Option decision_path¶
scikit-learn implements a function to retrieve the decision path. It can be enabled by option decision_path.
clrrf = RandomForestClassifier(n_estimators=2, max_depth=2)
clrrf.fit(X_train, y_train)
clrrf.predict(X_test[:2])
paths, n_nodes_ptr = clrrf.decision_path(X_test[:2])
print(paths.todense())
model_def = to_onnx(
clrrf,
X_train.astype(numpy.float32),
options={id(clrrf): {"decision_path": True, "zipmap": False}},
)
sess = InferenceSession(
model_def.SerializeToString(), providers=["CPUExecutionProvider"]
)
[[1 0 0 0 1 0 1 1 1 0 1 0 0 0]
[1 0 0 0 1 0 1 1 1 0 1 0 0 0]]
The model produces 3 outputs.
print([o.name for o in sess.get_outputs()])
['label', 'probabilities', 'decision_path']

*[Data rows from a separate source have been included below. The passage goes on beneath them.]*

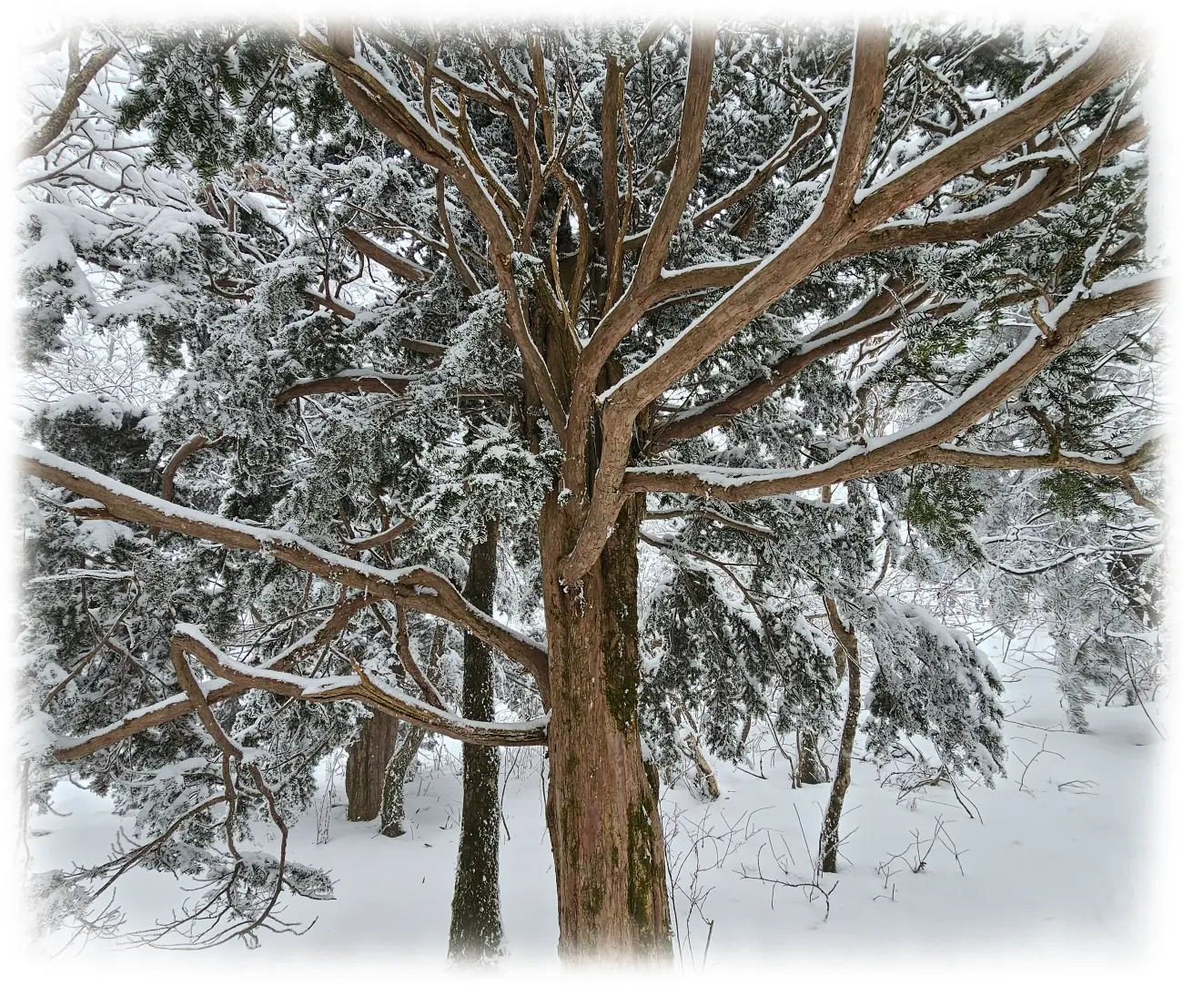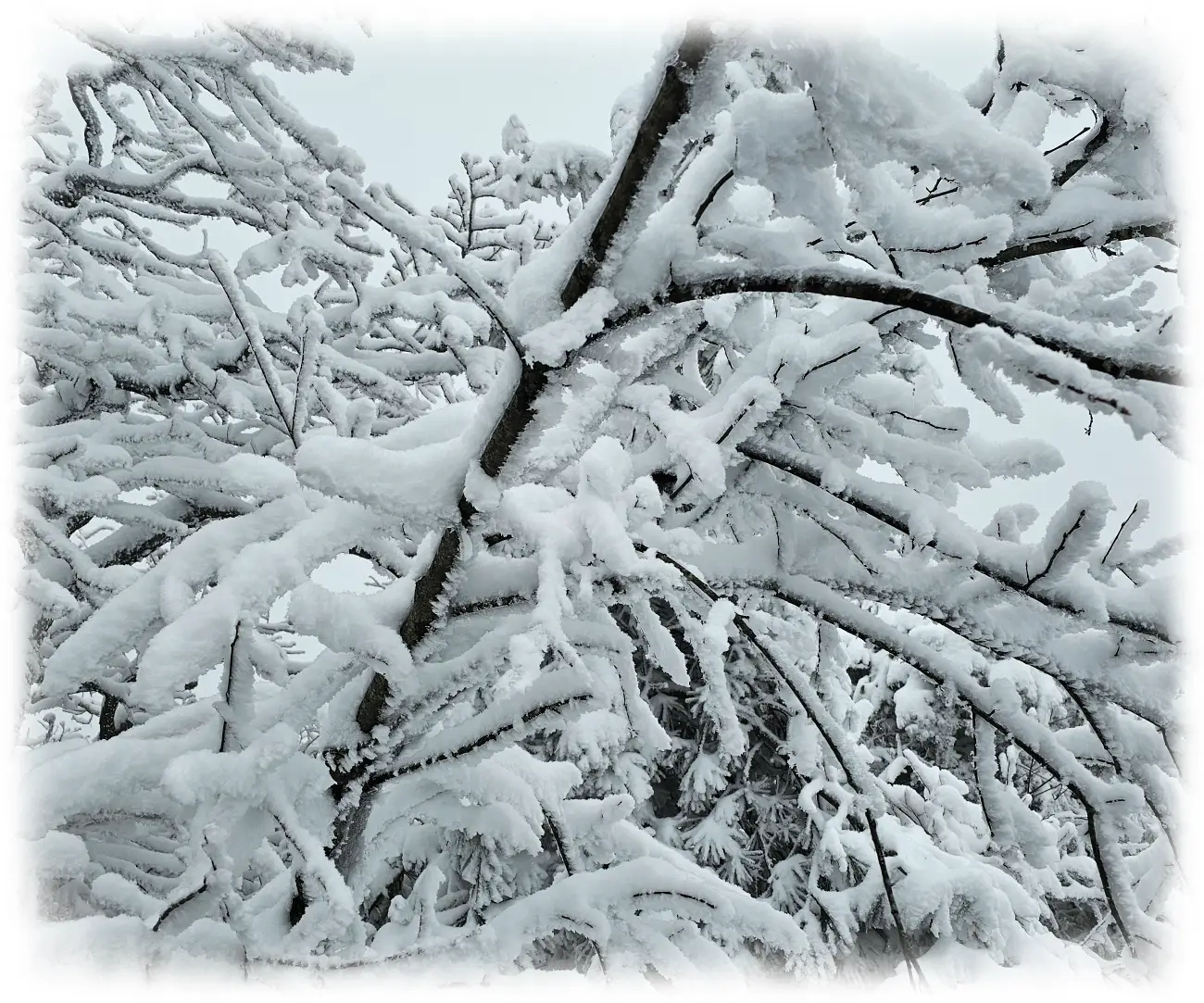 나무에 눈이 쌓인 건 종종 봤지만, 나뭇가지에 붙은 눈이 얼어붙은 건 처음봐서요.
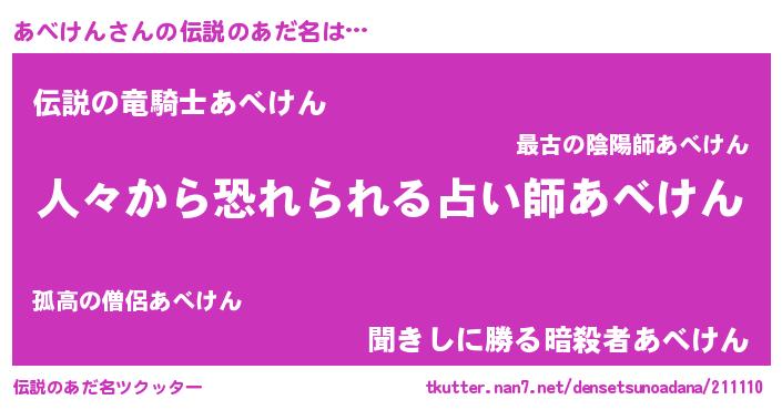 | 意味不明あだ名 | 『自称あべけん』『ペロリンあべけん』 |
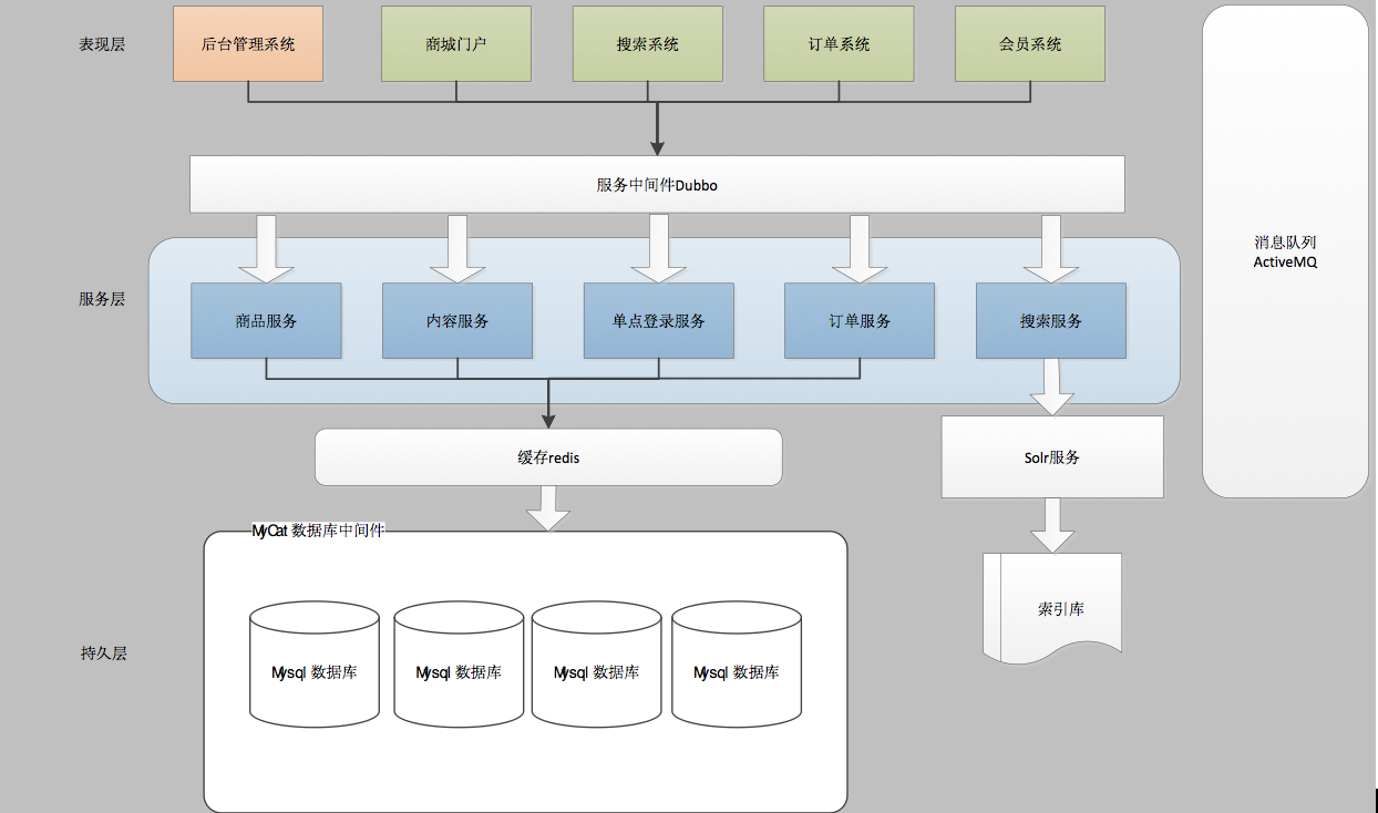 SOA:Service Oriented Architecture面向服务的架构。也就是把工程拆分成服务层、表现层两个工程。服务层中包含业务逻辑,只需要对外提供服务即可。表现层只需要处理和页面的交互,业务逻辑都是调用服务层的服务来实现。

Let’s display the last one.
res = sess.run(None, {"X": X_test[:2].astype(numpy.float32)})
print(res[-1])
[['1000101' '1101000']
['1000101' '1101000']]
List of available options¶
Options are registered for every converted to detect any supported options while running the conversion.
all_opts = set()
for k, v in sorted(_converter_pool.items()):
opts = v.get_allowed_options()
if not isinstance(opts, dict):
continue
name = k.replace("Sklearn", "")
print("%s%s %r" % (name, " " * (30 - len(name)), opts))
for o in opts:
all_opts.add(o)
print("all options:", pformat(list(sorted(all_opts))))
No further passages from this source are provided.